—On dit que la théorie de la sélection naturelle—ajouta Jacinto avec emphase—a beaucoup de partisans en Allemagne.
—Je n’en doute pas—continua l’ecclésiastique.—En Allemagne on ne doit pas regretter que cette théorie soit vraie en ce qui concerne Bismarck.
Les quatre promeneurs se trouvèrent alors face à face avec doña Perfecta et le Sr. D. Cayetano qui arrivaient.
—Quelle belle soirée!—s’écria la señora. Eh! bien, mon neveu, comment cela va-t-il? t’ennuies-tu beaucoup?...
—Mais pas le moins du monde—répondit le jeune homme.
—Ne le nie pas. Cayetano et moi nous en causions en venant ici. Tu es ennuyé et tu t’efforces de le dissimuler. Tous les jeunes gens de notre époque n’ont pas, comme Jacinto, assez d’abnégation pour passer leur jeunesse dans une petite ville où il n’y a ni Théâtre-Royal, ni Bouffes, ni danseuses, ni philosophes, ni athénées, ni feuilles publiques, ni congrès, ni divertissements ou passe-temps d’aucune sorte.
—Je me trouve très bien ici—répondit Pepe.—Je disais tout à l’heure à Rosario que cette ville et cette maison me plaisent tant que je voudrais y vivre et y mourir.

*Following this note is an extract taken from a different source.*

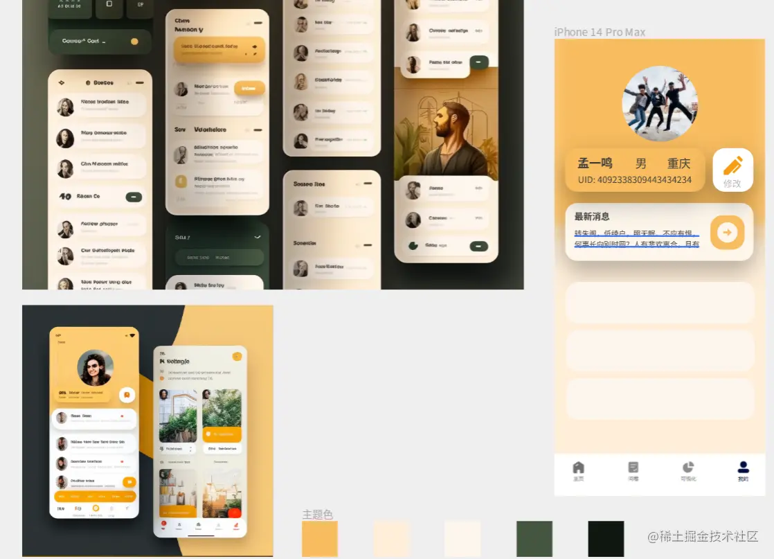 到此为止,基本上有一个可以供设计参考的UI设计稿了,整体风格我们就可以参考这些不同的页面。但是,如果我们想要设计其中一个页面的详情呢,比如一个个人主页这些页面中就没有包含,所以我们如果想继续设计,就还是得继续去问AI

Rosario devint écarlate et les autres gardèrent le silence.
Ils s’assirent tous sous un berceau de verdure, le neveu de monsieur le chanoine s’empressant de prendre place à gauche et tout près de la señorita.
—Écoute, mon neveu, j’ai à te prévenir d’une chose,—dit doña Perfecta avec cette suave expression de bonté qui émanait de son âme comme le parfum de la fleur.—Mais ne va pas croire que je te blâme ni que je veuille te faire la leçon; n’étant plus un enfant, tu comprendras facilement ma pensée.